> [DATA SHOWN]

#####

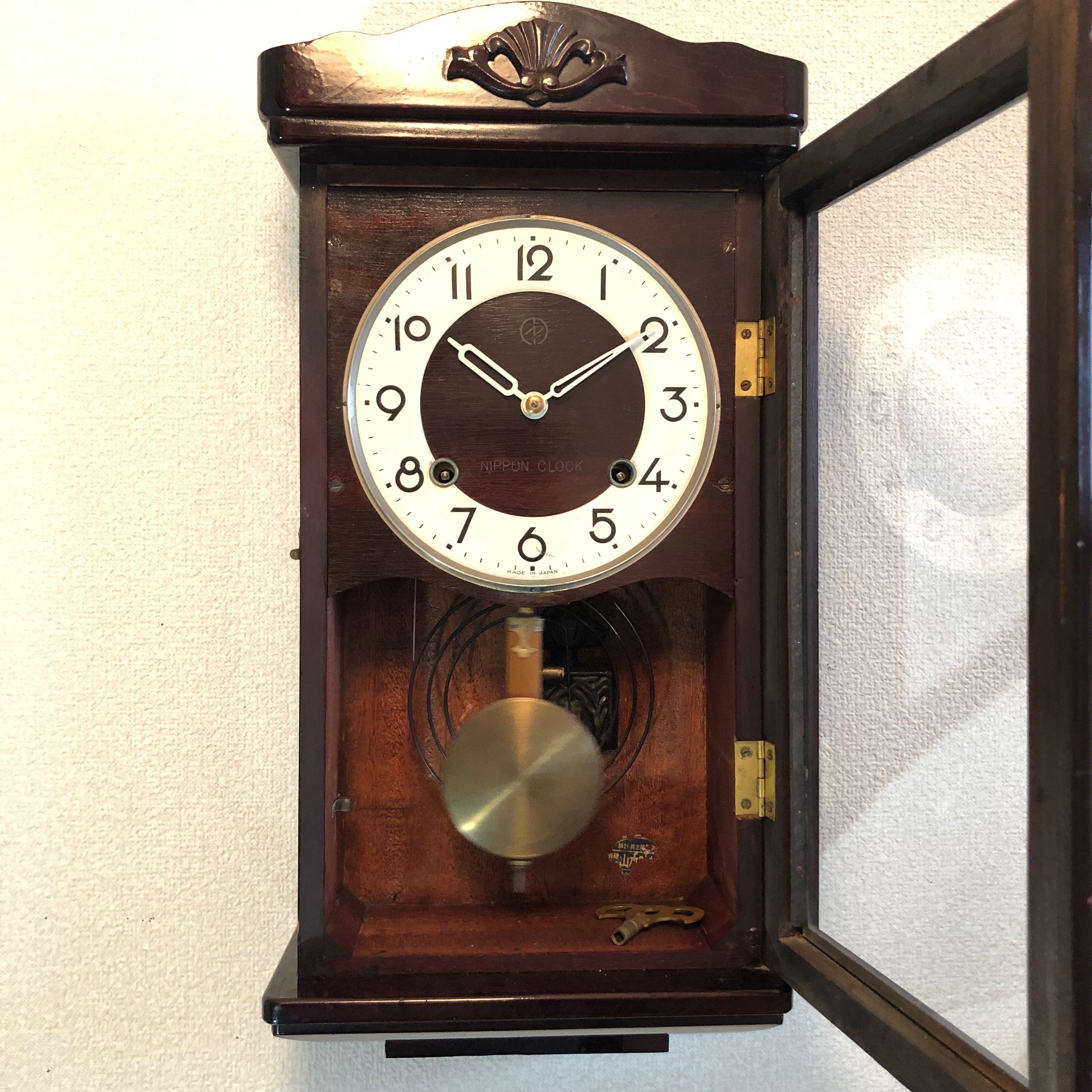 昭和レトロ 昭和30年頃 日本時計 一枚扉宮型ボンボン時計 オーバーホール整備済み稼働品です。
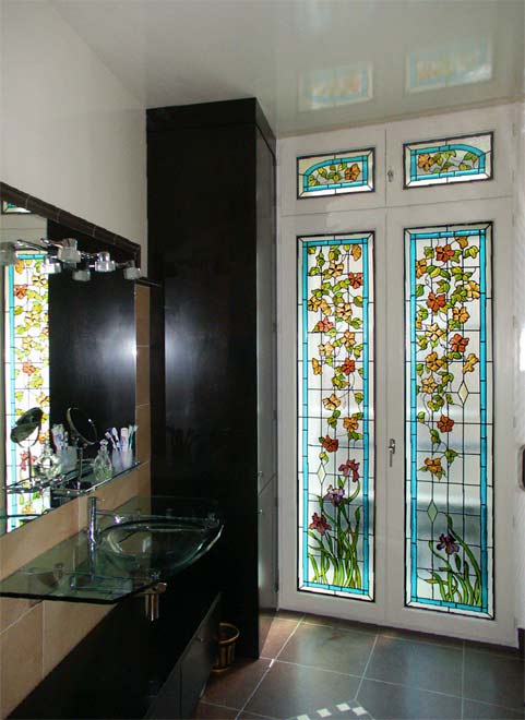 BORDURE "PENCIL" ( barrettes de verre biseauté largeur 25mm ) Réalisation sur verre SAHARA ep.4mm - Montage par collage silicone sur double vitrage existant RETROUVEZ CE MOTIF VIA LA GALERIE DANS LES PAGES : |
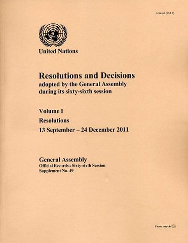 Resolutions and Decisions Adopted by the General – Sixty–sixth Session, Volume 1 Resolutions (13 September, 24 December 2011)
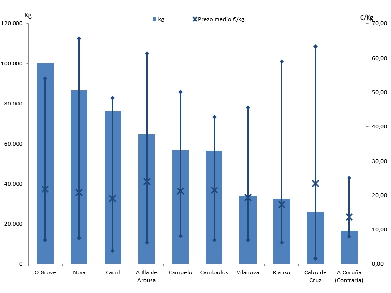 | A Coruña (Confraría) | 167 | 16.492 | 2,51% | 224.905 | 1,66% | 13,64 |

#####

> [TO DO]
Starting from the first line of the listing above, write out every line exactly through the one containing "LES PAGES : |", and drop the pictures.

> [WRITTEN RESPONSE]
 昭和レトロ 昭和30年頃 日本時計 一枚扉宮型ボンボン時計 オーバーホール整備済み稼働品です。
 BORDURE "PENCIL" ( barrettes de verre biseauté largeur 25mm ) Réalisation sur verre SAHARA ep.4mm - Montage par collage silicone sur double vitrage existant RETROUVEZ CE MOTIF VIA LA GALERIE DANS LES PAGES : |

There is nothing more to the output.